A picture would help to assess the damage.
Which leg is it? the big one at the back? and what kind of surface did it land on?
unfortunately, there is nothing you can do beside not handling your specimens.
Just wait and see in case of a miraculous recovery.
Keep an eye on it because it MAY start decomposing and the last thing you want is an infection developing especially in a warm and wet set-up.

Handling is unnecessary, doesn't make you look cool and is very risky for your animal.
I'm sure now you know that.
Get some pics up, maybe it's not that bad..

-J


----------



## Dymondgeezer1 (Jun 1, 2010)

*Broken leg*

Yeah it's the back leg, do you think he will die then? I didn't hande him to look cool I was handling him alone in my room as I like handling him and was told they are handlable.

Many thanks for the advice and help though!


----------



## Dymondgeezer1 (Jun 1, 2010)

*Pics of leg*

I will get pics tonight


----------



## ch4dg (Jul 24, 2008)

Dymondgeezer1 said:


> _*I think*_ he fell off my hand while I was handling him


did he fall while you were handling him or not, i'm guessing you would of noticed.

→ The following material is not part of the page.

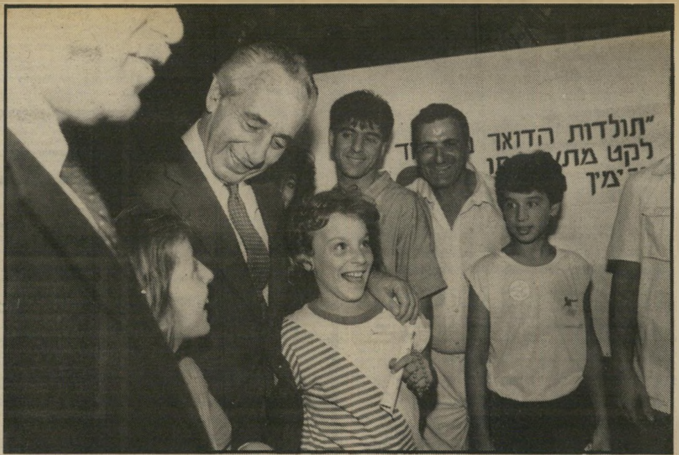
זקנים וטף פרס בביקור באשדוד. הוא עשה סיור בתערוכה שתעודה את ראשית העיר, ובדרכו התחבק והתנשק עם כל מי שנקרה בדרכו. הוא הירבה לחבק ילדים והסכים להצטלם עם כל מי שרצה. אזרחי אשדוד נדחפו ודחפו - כדי לזכות בתמונה עם ראשיהממשלה.

לם הגדול בנמל-אשדוד. הם התלכשו במיטב בגדיהם והתכוננו לאירוע החי שוב עם ראשיהממשלה. ותיקי ומייסדי העיר היו בין המזומנים לערב. הם נשאו תיהם, הן ובעליהן, גם כל פרנסייהעיר היו שם בהרכב מלא. חנוטים בחליפות מצוחצחות. להם היו מקומות שמורים בשורה הראשונה, כל כיסא ושם המכור בר שום עליו. קצת לפני השעה היעודה נכנס פנימה רפי סויסה, מי שהיה נציב שיי רתם האחד עם השני התערבבו ביניהם, שוטרים מקומיים במרי חאקי מצווד צחים הצטופפו ליד אנשי מישמר הדי גבול בכומתות ירוקות. אלה גם אלה קיבלו הוראות מאנשיהכיתחון של פרס, שבאו למקום מבעוד מועד כדי לארגן את השמירה על ראשיהממשלה. ואז, כשההומה כבר היתה בשיאה החליקו מאישם, מתוך העלטה, שתי מכוניות אמריקאיות מוכספות ועצרו בחריקה ליד פתח האולם. עשורת במהלך הערב העניק ראשיעיריית אשדוד אזרחות כבוד לראשיהממשלה ופרס, שהכין היטב את שעוריהבית שלו, ידע לנקוב בשמם של כל מי שקיבלו באותו הערב ביחד איתו את התואר "יקיר אשדוד". הוא גם ידע לדבר אל ליבו של הקהל, שהיה מורכב ברובו ממיזרחיים תושבי העיר, והזכיר להם כי בזמן האחרון ביקר את חסן מלך מארוקו. הקהל הגיב כמצופה ממנו, התלהב ומחא כפיים בשימחה. פרס נשאר באותו הערב באשדוד כמעט עד לסוף התוכנית, שכללה שירים וריקודים. וגם בסוף, כשכבר יצא מן האולם וצעד לכיוון מכוניתו, הוא סחב עוד רקות ארוכות, כאילו מסרב לסיים את היום. עוד נשיקה, עוד חיבוק, עוד לחיצת ידיים, עוד חיוך, למשוך עוד קצת את אהדת העם, לקבל עוד קצת חייוקים מאלה שרק אתמול

but anyways, how old is he? as there is a chance he can save it over the next moult or 2.
this has happen to me due to a colony setup one had 2 leg damaged and ok now(legs grew back) and is in a seperate tank
it depends on how serious it is whether he'll die or not, but they are very tough and built for fighting and losing a limb or to


----------



## Dymondgeezer1 (Jun 1, 2010)

*Broken leg*

Yes he did fall but not that far but I'm guessing he could have landed funny and he is not adult yet so he should still have a few moults it's good to hear your one is fine hopefully there's hope for mine


----------



## lucozade3000 (Aug 16, 2008)

Dymondgeezer1 said:


> Yes he did fall but not that far but I'm guessing he could have landed funny and he is not adult yet so he should still have a few moults it's good to hear your one is fine hopefully there's hope for mine


Of course there's hope! as i said earlier it might not be that bad but keep a close eye on it.
Scorpions DO NOT regenerate lost limbs. They MIGHT partially regrow a leg IF they are still young and still have a few moults to go through.
An adult has no chance to even partially regenerate anything.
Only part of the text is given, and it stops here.